Today we are open sourcing one of our internal tools kafka-schema-sync.

One of the problems we face at Astradot is keeping our staging and prod environments in sync with respect to Kafka topics. Engineers can create tons of Kafka topics, with different configurations for each. We wanted a central place for engineers to store the names and configuration of the topics, without needing to get that information by directly querying Kafka itself. We also wanted to easily understand what exact topics and configs are deployed in our various environments like staging and prod.

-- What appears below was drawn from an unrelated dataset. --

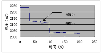 蓄電池從浮充狀態(tài)切換到放電狀態(tài),典型的電壓跌落過程如圖2-4所示。即停止充電后,電池回落到某平衡電位,接入放電負(fù)載后,電壓發(fā)生階躍變化。這樣,內(nèi)阻的計(jì)算不能使用浮充電壓和放電工作電壓的差值來計(jì)算,使用開路平衡電位與放電工作電壓的差值時(shí)也不夠穩(wěn)定。因此,在放電過程改變電流可以克服平衡電位不穩(wěn)定的因素。采用式(2-6),根據(jù)在不同電流(I1、I2)下的電壓變化(U1-U2)來計(jì)算內(nèi)阻值。

kafka-schema-sync solves that problem by taking in a simple yaml file containing the description of all the kafka topics in a cluster. It then runs against your kafka cluster and creates/updates the kafka topics as decribed in the yaml. We keep separate yaml files for separate environments, eg staging.yml , prod.yml, thus allowing us to easily see what topics are deployed in each environment.  Here is a sample yaml config:

bootstrapServers: "localhost:9092"
replication: 3
defaultCompression: "zstd"
 - name: server-metrics
   retentionHours: 6
 - name: user-events
   retentionHours: 48

It is super easy to install:

npm install --global @astradot/kafka-schema-sync

To run:

kafka-schema-sync --config staging.yml

Feel free to send feedback and PRs to our Github repo!